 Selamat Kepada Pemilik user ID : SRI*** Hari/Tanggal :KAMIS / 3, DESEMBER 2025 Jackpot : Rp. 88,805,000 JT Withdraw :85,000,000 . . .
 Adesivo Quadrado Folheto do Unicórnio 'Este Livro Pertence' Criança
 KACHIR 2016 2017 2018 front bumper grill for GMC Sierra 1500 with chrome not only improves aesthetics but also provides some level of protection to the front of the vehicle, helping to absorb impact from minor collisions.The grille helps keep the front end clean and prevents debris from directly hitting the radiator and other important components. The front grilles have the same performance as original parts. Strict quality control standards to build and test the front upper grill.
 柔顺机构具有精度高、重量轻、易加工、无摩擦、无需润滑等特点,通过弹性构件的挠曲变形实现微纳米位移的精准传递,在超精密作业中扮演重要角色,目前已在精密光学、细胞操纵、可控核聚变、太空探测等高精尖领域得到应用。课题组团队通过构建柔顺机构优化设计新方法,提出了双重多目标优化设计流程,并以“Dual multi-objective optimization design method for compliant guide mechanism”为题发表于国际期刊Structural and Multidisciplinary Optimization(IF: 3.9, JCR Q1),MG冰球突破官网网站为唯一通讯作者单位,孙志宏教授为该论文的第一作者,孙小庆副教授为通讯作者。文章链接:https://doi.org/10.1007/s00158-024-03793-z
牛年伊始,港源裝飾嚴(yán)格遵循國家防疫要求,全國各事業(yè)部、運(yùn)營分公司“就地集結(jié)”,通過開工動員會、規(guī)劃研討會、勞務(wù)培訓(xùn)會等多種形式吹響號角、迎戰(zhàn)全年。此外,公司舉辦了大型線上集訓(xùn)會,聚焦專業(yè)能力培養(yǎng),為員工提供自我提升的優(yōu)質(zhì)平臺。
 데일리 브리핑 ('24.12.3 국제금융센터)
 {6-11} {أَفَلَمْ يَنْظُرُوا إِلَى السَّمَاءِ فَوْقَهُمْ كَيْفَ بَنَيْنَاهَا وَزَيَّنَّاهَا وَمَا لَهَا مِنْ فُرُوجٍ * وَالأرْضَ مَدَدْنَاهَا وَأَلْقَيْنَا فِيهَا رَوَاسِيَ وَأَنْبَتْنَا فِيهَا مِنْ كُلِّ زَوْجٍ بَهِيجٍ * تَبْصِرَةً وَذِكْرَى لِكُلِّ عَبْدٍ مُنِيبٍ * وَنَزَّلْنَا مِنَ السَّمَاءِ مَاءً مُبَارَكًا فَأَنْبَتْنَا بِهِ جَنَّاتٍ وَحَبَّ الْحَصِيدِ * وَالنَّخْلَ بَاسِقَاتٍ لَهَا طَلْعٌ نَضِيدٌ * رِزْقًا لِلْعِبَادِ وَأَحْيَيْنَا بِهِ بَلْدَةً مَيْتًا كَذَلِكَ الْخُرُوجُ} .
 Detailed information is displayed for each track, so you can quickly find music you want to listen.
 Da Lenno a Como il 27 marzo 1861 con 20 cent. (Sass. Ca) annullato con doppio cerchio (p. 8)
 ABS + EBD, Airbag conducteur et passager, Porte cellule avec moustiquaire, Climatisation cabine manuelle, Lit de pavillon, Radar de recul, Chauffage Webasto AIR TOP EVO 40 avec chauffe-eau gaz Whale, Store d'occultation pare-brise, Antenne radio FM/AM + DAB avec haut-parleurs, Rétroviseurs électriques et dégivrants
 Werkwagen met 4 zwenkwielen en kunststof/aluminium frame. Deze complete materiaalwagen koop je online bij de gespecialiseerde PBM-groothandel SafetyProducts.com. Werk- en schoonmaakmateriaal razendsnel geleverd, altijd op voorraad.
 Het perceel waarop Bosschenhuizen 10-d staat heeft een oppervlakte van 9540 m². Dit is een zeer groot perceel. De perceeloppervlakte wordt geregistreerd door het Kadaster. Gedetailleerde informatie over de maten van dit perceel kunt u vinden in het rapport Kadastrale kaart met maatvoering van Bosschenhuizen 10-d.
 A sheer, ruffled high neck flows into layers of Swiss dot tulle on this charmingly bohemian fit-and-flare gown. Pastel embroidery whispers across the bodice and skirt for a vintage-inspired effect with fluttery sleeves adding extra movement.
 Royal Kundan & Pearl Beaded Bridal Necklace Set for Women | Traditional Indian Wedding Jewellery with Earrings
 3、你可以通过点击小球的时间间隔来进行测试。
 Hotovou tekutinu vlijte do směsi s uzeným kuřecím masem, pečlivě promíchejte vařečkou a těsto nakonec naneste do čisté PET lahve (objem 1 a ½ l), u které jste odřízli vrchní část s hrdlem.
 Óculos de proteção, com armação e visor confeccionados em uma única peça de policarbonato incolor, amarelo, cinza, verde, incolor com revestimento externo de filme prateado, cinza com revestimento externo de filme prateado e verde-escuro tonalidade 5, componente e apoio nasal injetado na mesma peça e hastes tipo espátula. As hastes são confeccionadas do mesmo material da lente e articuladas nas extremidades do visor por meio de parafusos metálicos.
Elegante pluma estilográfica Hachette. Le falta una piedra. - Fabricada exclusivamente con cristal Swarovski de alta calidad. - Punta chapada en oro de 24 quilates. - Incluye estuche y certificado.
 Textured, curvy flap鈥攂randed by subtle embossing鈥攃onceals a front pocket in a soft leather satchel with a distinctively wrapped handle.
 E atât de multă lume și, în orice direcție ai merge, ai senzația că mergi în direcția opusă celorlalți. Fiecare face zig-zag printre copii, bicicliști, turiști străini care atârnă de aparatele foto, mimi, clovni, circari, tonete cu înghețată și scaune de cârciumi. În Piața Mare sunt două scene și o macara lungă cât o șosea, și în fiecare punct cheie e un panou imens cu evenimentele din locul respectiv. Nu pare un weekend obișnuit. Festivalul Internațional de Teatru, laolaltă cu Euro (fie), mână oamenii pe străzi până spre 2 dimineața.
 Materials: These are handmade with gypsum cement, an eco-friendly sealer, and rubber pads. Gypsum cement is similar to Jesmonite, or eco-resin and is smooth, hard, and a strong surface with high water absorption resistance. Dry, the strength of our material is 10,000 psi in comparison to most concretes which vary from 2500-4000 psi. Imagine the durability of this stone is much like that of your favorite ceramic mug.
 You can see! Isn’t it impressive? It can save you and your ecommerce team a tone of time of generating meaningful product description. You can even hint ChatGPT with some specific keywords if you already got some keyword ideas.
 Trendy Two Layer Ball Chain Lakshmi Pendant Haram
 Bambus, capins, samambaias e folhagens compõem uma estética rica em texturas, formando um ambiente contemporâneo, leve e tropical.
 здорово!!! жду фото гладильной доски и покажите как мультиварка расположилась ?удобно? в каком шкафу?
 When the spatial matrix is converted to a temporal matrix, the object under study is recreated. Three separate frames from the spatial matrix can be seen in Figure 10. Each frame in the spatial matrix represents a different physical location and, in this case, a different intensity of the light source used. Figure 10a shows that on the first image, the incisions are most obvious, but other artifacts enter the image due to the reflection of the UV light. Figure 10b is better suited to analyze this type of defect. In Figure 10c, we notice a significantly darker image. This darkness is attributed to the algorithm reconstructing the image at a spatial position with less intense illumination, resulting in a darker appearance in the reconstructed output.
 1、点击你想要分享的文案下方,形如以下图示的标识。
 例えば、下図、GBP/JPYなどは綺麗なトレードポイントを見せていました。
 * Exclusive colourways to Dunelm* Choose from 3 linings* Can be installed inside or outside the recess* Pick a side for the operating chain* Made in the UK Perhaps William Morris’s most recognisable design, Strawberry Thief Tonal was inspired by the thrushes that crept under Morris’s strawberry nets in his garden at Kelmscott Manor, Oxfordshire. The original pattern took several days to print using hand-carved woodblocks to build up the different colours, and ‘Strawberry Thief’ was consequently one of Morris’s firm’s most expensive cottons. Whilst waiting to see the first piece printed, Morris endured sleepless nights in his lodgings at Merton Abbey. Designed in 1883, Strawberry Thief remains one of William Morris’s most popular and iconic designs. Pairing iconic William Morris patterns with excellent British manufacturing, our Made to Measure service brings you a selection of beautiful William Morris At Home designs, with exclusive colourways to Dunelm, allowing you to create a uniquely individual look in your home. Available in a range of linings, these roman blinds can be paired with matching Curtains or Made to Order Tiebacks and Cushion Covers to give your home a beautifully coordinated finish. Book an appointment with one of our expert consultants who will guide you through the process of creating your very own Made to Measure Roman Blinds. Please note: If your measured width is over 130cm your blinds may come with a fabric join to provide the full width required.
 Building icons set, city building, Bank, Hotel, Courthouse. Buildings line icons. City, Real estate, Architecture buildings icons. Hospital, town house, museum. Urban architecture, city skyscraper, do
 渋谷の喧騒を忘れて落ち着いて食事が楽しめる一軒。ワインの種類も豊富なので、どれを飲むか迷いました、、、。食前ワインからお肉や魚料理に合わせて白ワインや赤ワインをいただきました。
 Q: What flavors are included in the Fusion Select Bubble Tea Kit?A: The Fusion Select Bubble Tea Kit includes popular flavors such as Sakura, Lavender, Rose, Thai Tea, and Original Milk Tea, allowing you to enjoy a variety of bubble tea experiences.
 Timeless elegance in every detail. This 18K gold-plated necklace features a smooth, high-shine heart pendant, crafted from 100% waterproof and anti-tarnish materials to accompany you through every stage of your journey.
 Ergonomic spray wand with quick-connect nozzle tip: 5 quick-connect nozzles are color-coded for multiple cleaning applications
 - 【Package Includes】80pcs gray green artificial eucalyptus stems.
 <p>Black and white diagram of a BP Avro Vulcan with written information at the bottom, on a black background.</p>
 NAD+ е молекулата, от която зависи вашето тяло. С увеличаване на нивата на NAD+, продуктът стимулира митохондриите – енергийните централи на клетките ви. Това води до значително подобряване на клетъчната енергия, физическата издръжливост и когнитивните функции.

··········

Lines of the listing above that hold the string "frame" should each be copied.

Worked solution
 Werkwagen met 4 zwenkwielen en kunststof/aluminium frame. Deze complete materiaalwagen koop je online bij de gespecialiseerde PBM-groothandel SafetyProducts.com. Werk- en schoonmaakmateriaal razendsnel geleverd, altijd op voorraad.
 When the spatial matrix is converted to a temporal matrix, the object under study is recreated. Three separate frames from the spatial matrix can be seen in Figure 10. Each frame in the spatial matrix represents a different physical location and, in this case, a different intensity of the light source used. Figure 10a shows that on the first image, the incisions are most obvious, but other artifacts enter the image due to the reflection of the UV light. Figure 10b is better suited to analyze this type of defect. In Figure 10c, we notice a significantly darker image. This darkness is attributed to the algorithm reconstructing the image at a spatial position with less intense illumination, resulting in a darker appearance in the reconstructed output.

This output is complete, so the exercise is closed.